**TASK DIRECTIONS:**
Every line of the records below from the line with "- حاوی عصاره" up to and including the line with "男性向けラノベタイトル風あだ名 | 『Re:めたないから始める異世界生活』 |" must be reproduced exactly, and no line outside that range.

**SOURCE INFORMATION:**
<<<<

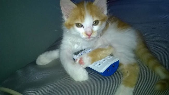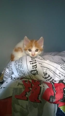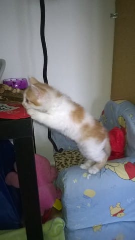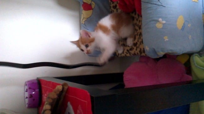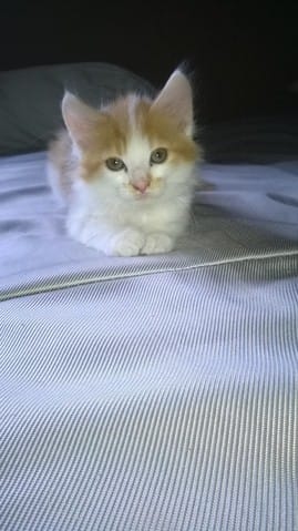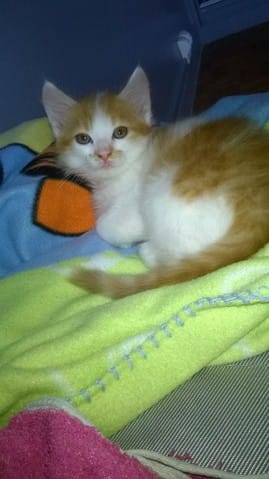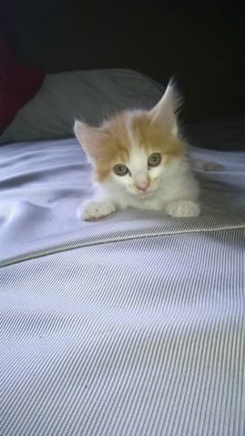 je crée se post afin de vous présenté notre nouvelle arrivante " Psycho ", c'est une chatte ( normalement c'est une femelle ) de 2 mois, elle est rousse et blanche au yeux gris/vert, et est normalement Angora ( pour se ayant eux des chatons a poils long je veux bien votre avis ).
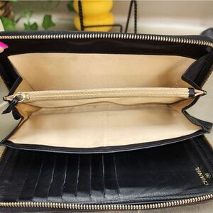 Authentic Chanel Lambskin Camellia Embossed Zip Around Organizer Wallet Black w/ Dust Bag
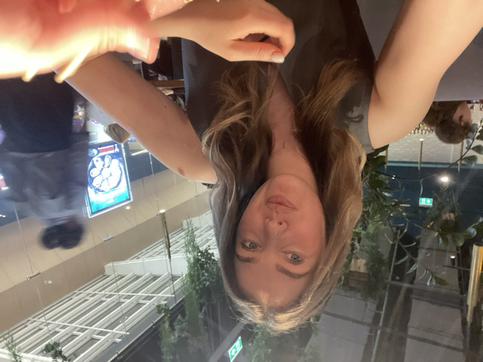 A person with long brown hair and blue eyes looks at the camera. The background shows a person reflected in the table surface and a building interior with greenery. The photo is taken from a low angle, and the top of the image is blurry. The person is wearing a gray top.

>>>>
<<<<

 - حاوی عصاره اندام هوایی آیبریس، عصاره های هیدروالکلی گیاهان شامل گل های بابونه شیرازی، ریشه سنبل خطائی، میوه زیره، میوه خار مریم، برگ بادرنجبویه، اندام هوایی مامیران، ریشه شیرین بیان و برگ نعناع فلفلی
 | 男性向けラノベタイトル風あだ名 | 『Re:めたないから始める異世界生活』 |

>>>>
<<<<

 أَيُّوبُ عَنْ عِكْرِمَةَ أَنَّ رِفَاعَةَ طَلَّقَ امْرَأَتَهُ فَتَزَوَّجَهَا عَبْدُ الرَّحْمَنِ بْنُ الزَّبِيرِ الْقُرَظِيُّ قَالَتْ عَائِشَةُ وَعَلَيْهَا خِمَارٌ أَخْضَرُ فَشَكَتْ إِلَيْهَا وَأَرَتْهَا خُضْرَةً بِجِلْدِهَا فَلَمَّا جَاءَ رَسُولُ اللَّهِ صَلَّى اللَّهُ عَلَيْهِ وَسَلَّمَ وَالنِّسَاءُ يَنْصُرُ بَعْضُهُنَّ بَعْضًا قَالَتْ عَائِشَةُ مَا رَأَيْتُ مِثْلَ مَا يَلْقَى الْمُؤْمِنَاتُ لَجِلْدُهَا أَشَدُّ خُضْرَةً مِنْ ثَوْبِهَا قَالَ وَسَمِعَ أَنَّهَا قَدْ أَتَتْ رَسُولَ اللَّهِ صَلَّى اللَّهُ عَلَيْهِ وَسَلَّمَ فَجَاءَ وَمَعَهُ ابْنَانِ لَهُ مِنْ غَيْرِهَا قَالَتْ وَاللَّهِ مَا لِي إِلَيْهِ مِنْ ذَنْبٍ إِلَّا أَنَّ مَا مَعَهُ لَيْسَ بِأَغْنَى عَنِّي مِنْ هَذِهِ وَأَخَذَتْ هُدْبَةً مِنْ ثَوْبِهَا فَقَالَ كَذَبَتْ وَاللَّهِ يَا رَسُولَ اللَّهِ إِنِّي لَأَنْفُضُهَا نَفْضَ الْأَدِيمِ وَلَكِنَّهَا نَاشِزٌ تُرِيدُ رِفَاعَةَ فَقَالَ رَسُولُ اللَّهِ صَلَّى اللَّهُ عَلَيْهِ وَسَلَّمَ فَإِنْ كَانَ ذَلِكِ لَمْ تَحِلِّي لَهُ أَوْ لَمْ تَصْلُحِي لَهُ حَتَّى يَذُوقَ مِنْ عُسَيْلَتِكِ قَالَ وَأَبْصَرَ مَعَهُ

>>>>

**OUTPUT BELOW:**
 - حاوی عصاره اندام هوایی آیبریس، عصاره های هیدروالکلی گیاهان شامل گل های بابونه شیرازی، ریشه سنبل خطائی، میوه زیره، میوه خار مریم، برگ بادرنجبویه، اندام هوایی مامیران، ریشه شیرین بیان و برگ نعناع فلفلی
 | 男性向けラノベタイトル風あだ名 | 『Re:めたないから始める異世界生活』 |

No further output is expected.